## Records to process
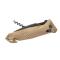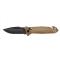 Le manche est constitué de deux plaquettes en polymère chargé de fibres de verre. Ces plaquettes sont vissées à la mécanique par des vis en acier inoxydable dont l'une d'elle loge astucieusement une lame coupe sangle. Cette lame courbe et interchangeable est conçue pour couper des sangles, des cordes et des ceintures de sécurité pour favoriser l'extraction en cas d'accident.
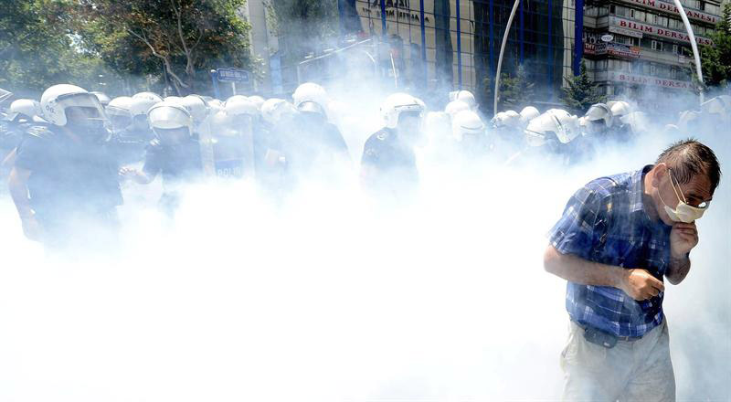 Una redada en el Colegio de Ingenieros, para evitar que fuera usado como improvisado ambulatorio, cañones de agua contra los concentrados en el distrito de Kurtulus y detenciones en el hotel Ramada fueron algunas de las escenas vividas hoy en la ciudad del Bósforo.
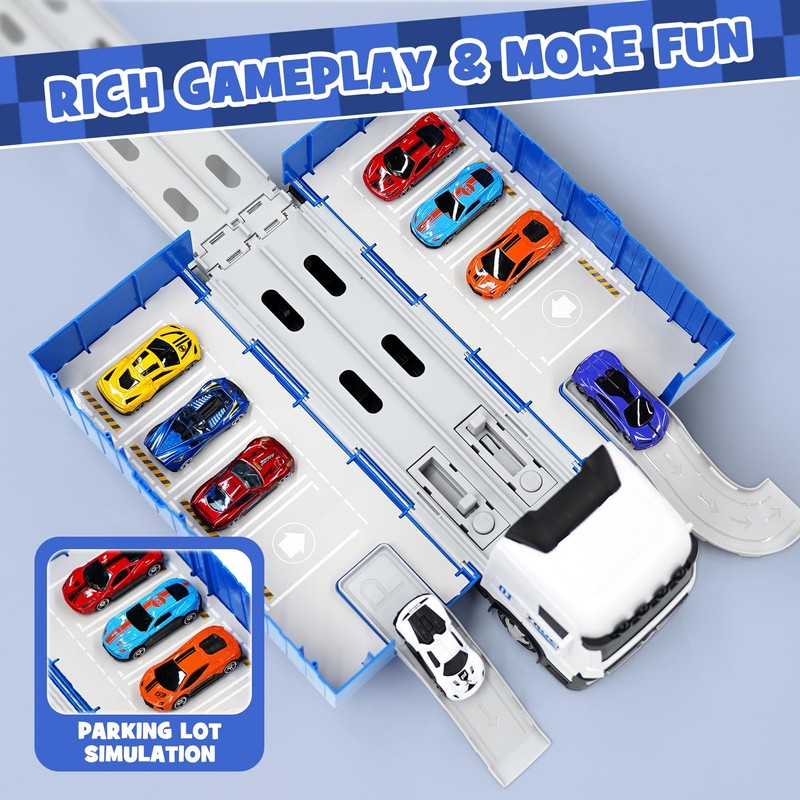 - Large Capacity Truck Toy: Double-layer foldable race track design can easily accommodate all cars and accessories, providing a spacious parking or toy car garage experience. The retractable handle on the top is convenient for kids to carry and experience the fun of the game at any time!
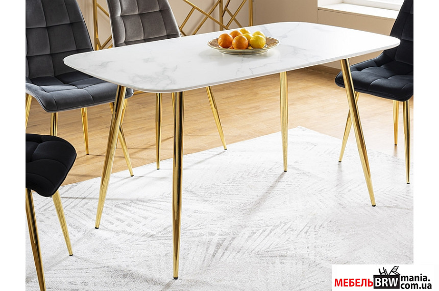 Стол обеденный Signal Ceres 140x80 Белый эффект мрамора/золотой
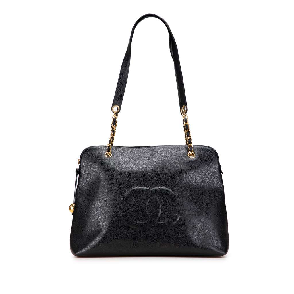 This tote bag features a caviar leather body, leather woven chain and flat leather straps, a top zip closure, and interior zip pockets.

## What to work on
Nothing but the pictures is to be left out; repeat the data exactly.

## Answer space
 Le manche est constitué de deux plaquettes en polymère chargé de fibres de verre. Ces plaquettes sont vissées à la mécanique par des vis en acier inoxydable dont l'une d'elle loge astucieusement une lame coupe sangle. Cette lame courbe et interchangeable est conçue pour couper des sangles, des cordes et des ceintures de sécurité pour favoriser l'extraction en cas d'accident.
 Una redada en el Colegio de Ingenieros, para evitar que fuera usado como improvisado ambulatorio, cañones de agua contra los concentrados en el distrito de Kurtulus y detenciones en el hotel Ramada fueron algunas de las escenas vividas hoy en la ciudad del Bósforo.
 - Large Capacity Truck Toy: Double-layer foldable race track design can easily accommodate all cars and accessories, providing a spacious parking or toy car garage experience. The retractable handle on the top is convenient for kids to carry and experience the fun of the game at any time!
 Стол обеденный Signal Ceres 140x80 Белый эффект мрамора/золотой
 This tote bag features a caviar leather body, leather woven chain and flat leather straps, a top zip closure, and interior zip pockets.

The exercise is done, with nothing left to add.